Photo by Les Bourgeonniers on Pexels.com

Here’s to my grandparents’ summer time vegetable meal memories. And remember, if life gives you lemons, I mean zucchinis, then here’s a way to turn them into a sweet, summertime dessert!  It may have you saying, “I can’t believe it’s not apple crisp!”  

P.S. Be sure to tag me on social media, or reach out to me via email if you make this!

I Can’t Believe It’s Not Apple Crisp:

Summertime Farmer’s Market Dessert

Gluten-Free and Vegan Options

Ingredients:

Filling:

6 cups peeled, deseeded (if large) and cubed (think thick pineapple chunks) zucchini* (About 5 medium store-sized zucchini/squash)

½ cup sugar or pure maple syrup

¼ cup lemon juice

1 ½  teaspoon apple pie spice (Can substitute with 1 teaspoon cinnamon, ¼  teaspoon nutmeg, & ⅛ teaspoon allspice)

2 tablespoons all purpose flour, gluten-free if needed

Streusel Topping:

1 cup oats

¾ cup all-purpose flour, gluten-free if needed

¾ cup brown sugar

½ teaspoon cinnamon

½ cup cold butter, cut into pieces (can use vegan variety)

Directions:

Peel and cube zucchini.

Over medium heat, add prepared zucchini and all filling ingredients EXCEPT flour.

Allow to cook down, approximately 10-20 minutes, or until zucchini chunks are super soft when pressed with a spoon.   

Stir in flour and allow to cook 3-5 more minutes, or until flour has been well incorporated and filling has thickened.  

Meanwhile, preheat oven to 375 degrees.

Spray 8×8 or 9×9 square baking dish with nonstick cooking spray.
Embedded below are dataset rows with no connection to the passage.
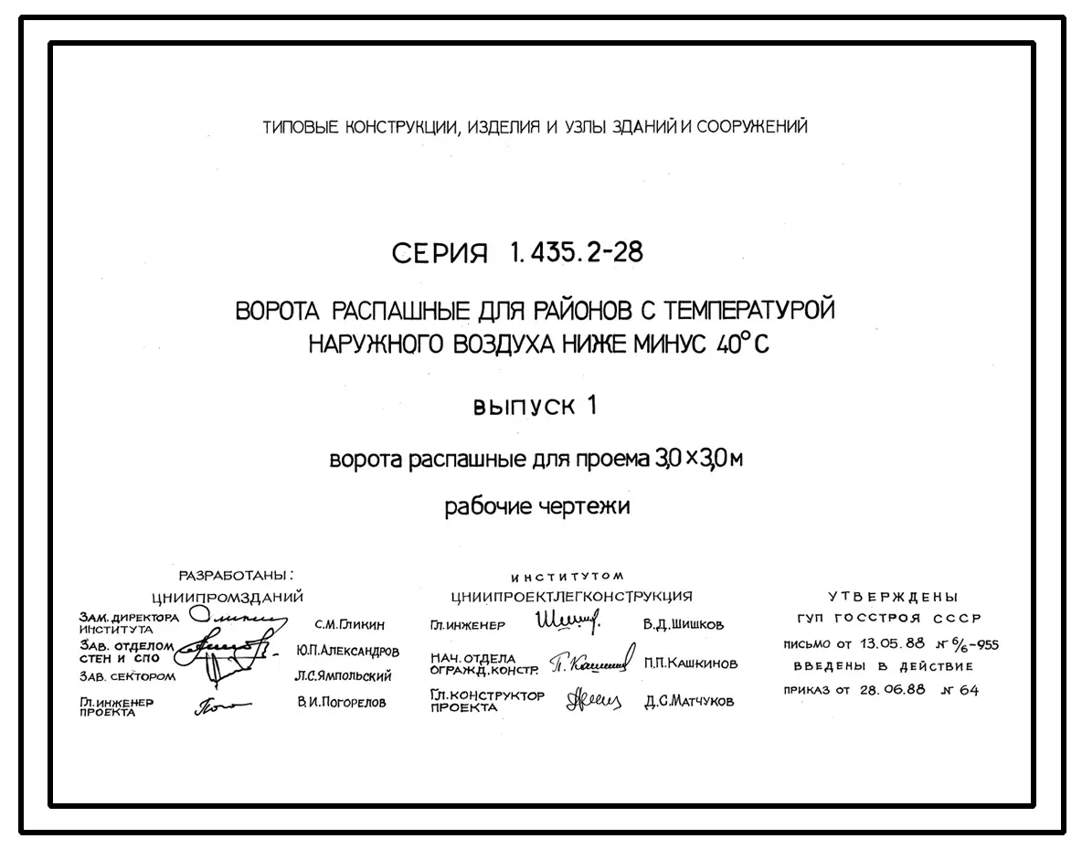 Серия 1.435.2-28 Ворота распашные для районов с температурой наружного воздуха ниже минус 40 °С. Рабочие чертежи.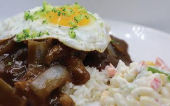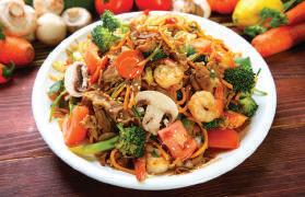 Yakisoba, Steamed Rice, Egg Rolls, Japanese Stir Fry Vegetables, Corn, and Fried Cabbage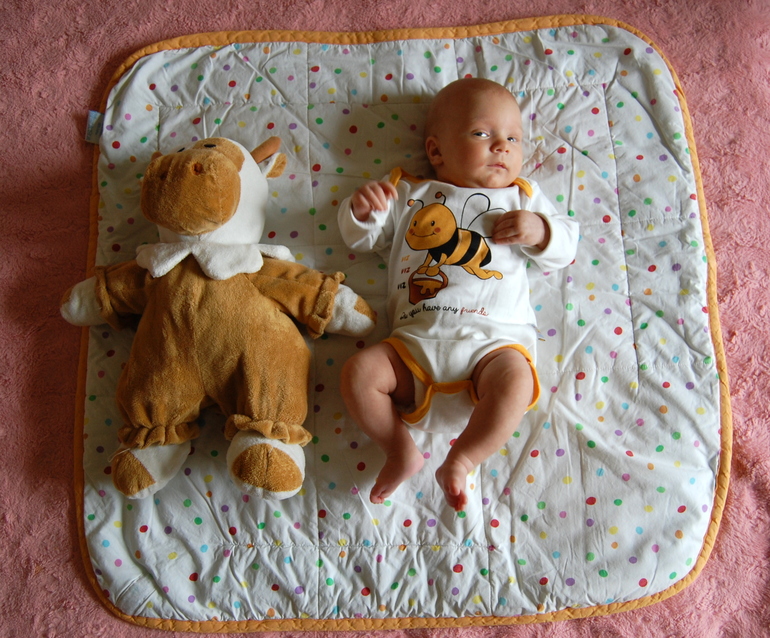 Голову тоже держит уже прилично, но лежать на животе соглашается совсем недолго.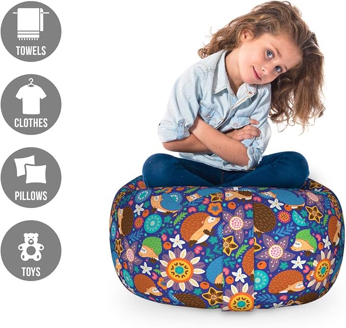 Lunarable Animal Storage Toy Bag Chair, Cartoon Hedgehogs Living in Fantasy Forest Pattern with Flowers Branches Leaves, Stuffed Animal Organizer Washable Bag, Small Size, Blue Orange

In a medium bowl, mix together oats, flour, brown sugar, and cinnamon until well blended. 

Cut in cold butter into mixture, using a fork or pastry blender, until crumbly, careful not to overmix. Set aside.

Spread zucchini filling mixture evenly into prepared baking pan.

Sprinkle with streusel topping mixture.

Bake 30-45 minutes, or until topping is crispy, golden brown and juices are bubbling along edges.

Allow to cool 15-20 minutes before serving.

Makes 6 generous servings or 9 smaller servings.

Feel free to top with favorite ice cream or whipped topping if desired.

*Feel free to experiment with other summer squashes, such as, yellow squash, crookneck squash, pattypan, cousa squash, and zephyr varieties 

Peel zucchini 🥒

Cut them up into pineapple chunk size.
MIx the filling up, add it to pot, and cook it down.
MIx together dry ingredients for streusel.
Cut cold butter into streusel mixture.
Bake it up until top is crispy and golden brown, and the juices are bubbling around the edges/sides.
Serve it up, once cooled!

Here's a sweet way to get a serving of vegetables in, and it will also help you use up all of those zucchinis your neighbors love to share! 🥒
With or without topping, you won’t believe it’s not apple crisp!